■ DATA
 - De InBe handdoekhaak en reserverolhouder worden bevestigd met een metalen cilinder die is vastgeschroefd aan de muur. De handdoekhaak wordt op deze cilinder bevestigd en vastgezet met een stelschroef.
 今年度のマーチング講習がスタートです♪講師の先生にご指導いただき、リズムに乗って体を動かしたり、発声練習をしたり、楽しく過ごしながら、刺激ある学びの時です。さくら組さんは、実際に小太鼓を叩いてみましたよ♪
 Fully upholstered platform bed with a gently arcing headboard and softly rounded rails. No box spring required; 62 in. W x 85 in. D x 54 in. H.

==

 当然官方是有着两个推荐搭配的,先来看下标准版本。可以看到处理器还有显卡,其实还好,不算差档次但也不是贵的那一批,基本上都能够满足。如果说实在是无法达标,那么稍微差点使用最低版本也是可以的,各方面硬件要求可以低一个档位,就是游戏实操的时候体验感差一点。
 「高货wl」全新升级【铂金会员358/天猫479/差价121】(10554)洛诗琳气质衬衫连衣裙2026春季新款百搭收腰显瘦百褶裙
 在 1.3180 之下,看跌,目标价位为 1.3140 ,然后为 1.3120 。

...

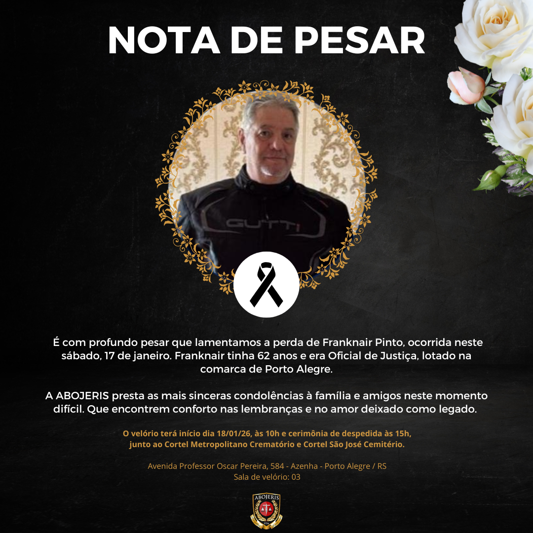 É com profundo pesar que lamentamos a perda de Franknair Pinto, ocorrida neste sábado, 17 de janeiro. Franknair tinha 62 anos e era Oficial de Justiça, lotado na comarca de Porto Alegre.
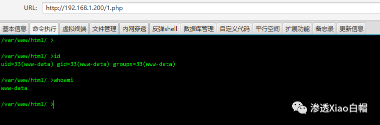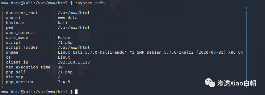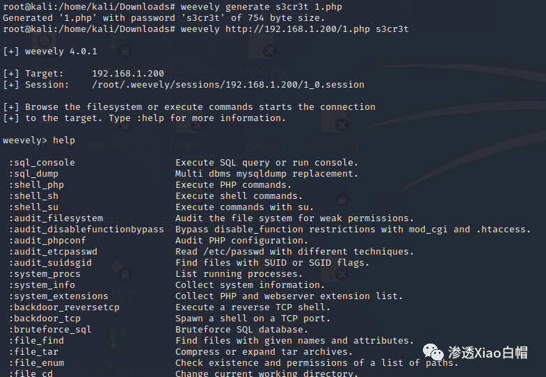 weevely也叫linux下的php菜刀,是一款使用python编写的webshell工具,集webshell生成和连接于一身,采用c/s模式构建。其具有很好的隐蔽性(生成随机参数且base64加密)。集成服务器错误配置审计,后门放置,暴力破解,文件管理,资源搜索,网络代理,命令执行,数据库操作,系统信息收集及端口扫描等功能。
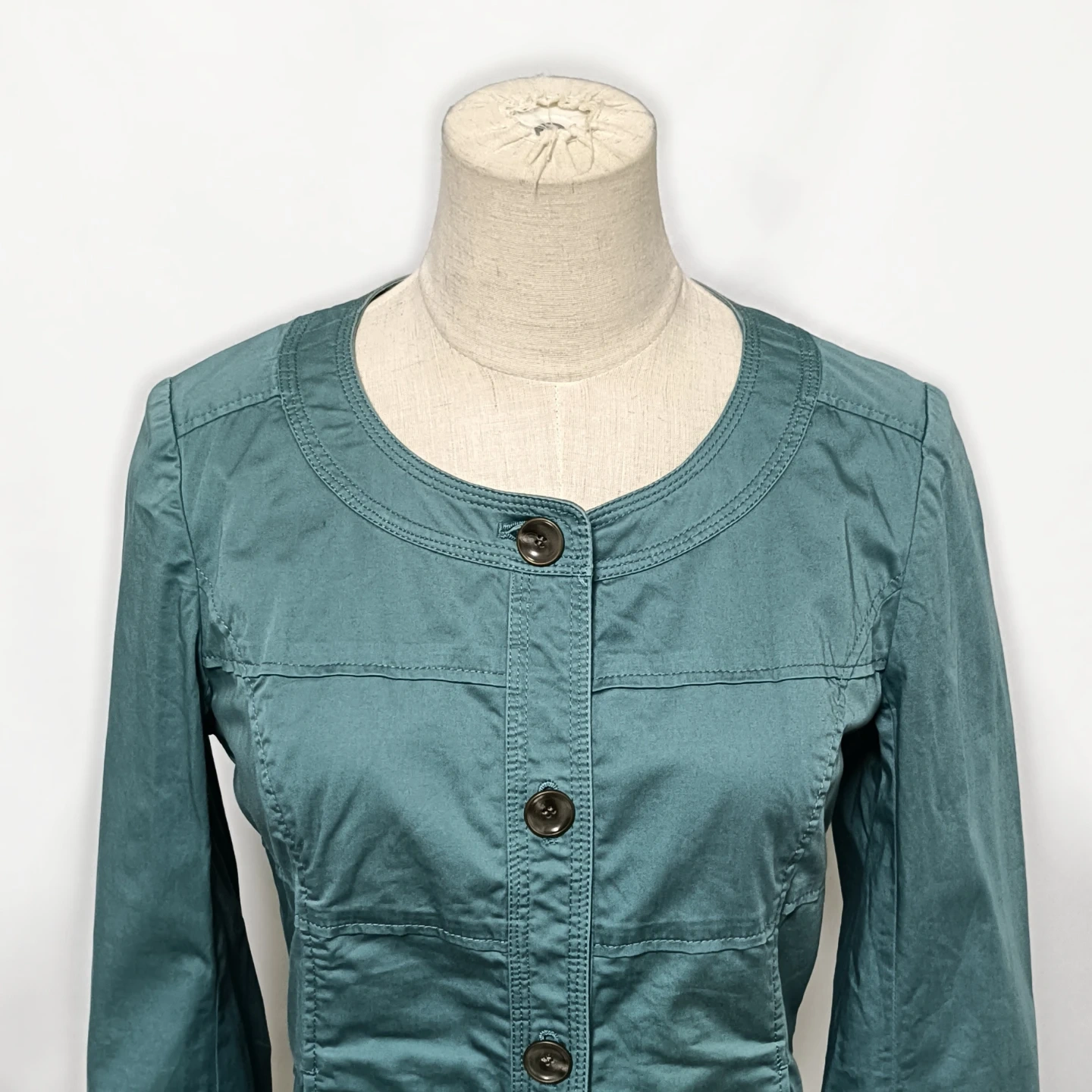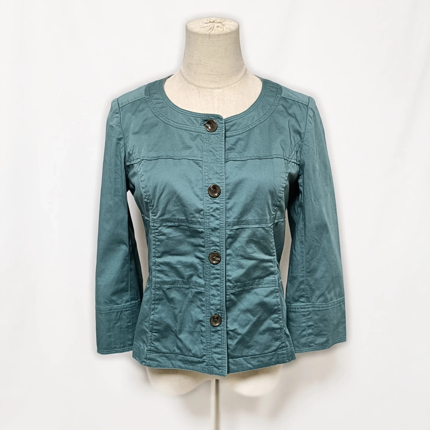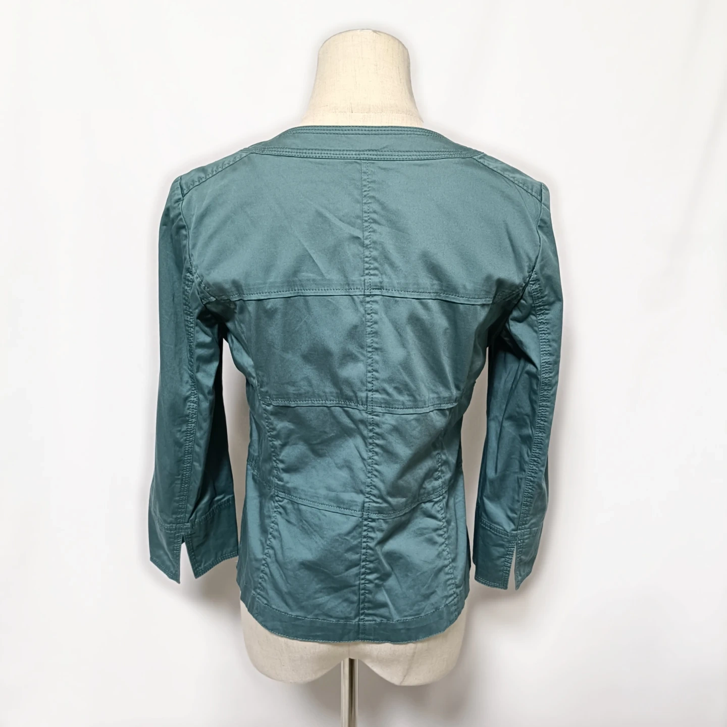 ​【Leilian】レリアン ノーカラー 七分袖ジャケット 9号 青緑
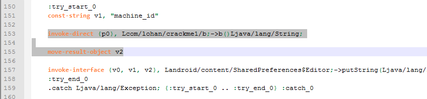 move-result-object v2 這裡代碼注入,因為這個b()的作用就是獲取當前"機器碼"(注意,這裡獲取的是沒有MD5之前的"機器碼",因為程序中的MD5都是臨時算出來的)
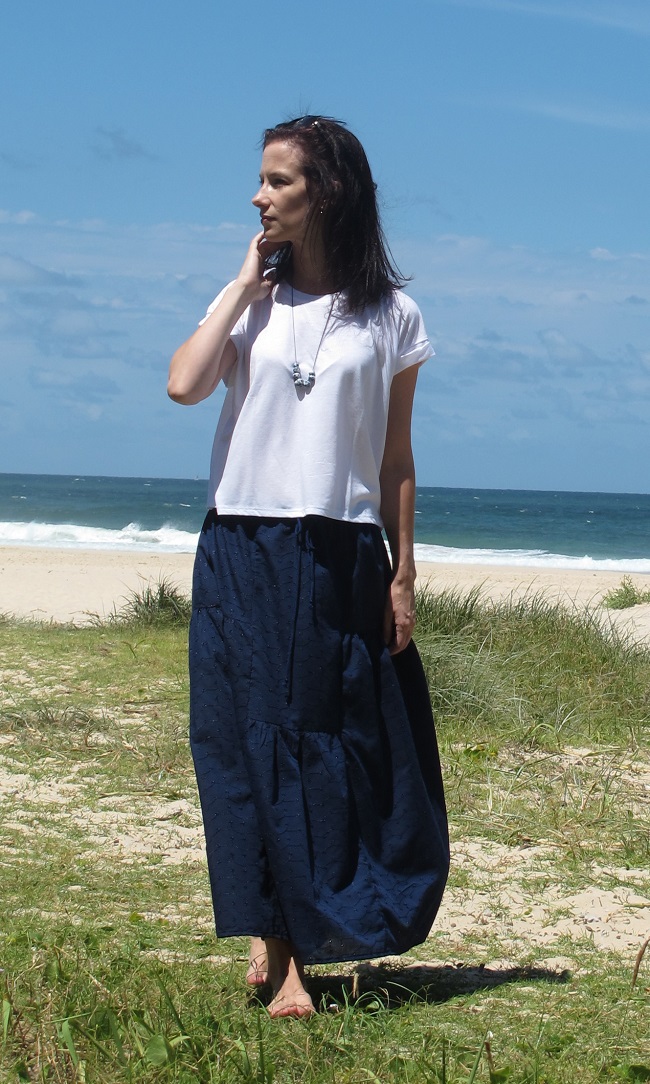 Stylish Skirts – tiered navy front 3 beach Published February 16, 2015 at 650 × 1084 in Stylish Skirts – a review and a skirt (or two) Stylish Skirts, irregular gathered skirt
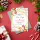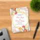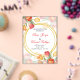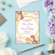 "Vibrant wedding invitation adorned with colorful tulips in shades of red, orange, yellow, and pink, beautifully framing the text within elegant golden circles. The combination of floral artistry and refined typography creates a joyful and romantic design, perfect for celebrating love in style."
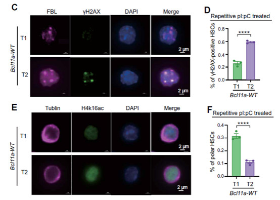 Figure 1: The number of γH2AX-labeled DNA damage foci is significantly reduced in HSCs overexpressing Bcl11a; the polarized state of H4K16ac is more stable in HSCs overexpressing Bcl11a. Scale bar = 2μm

■ PROBLEM TO WORK ON
Write down exactly the span of lines above from the one containing "- De InBe handdoekhaak" to the one containing "Fully upholstered platform", both ends included.

■ SOLUTION TO THIS EXERCISE
 - De InBe handdoekhaak en reserverolhouder worden bevestigd met een metalen cilinder die is vastgeschroefd aan de muur. De handdoekhaak wordt op deze cilinder bevestigd en vastgezet met een stelschroef.
 今年度のマーチング講習がスタートです♪講師の先生にご指導いただき、リズムに乗って体を動かしたり、発声練習をしたり、楽しく過ごしながら、刺激ある学びの時です。さくら組さんは、実際に小太鼓を叩いてみましたよ♪
 Fully upholstered platform bed with a gently arcing headboard and softly rounded rails. No box spring required; 62 in. W x 85 in. D x 54 in. H.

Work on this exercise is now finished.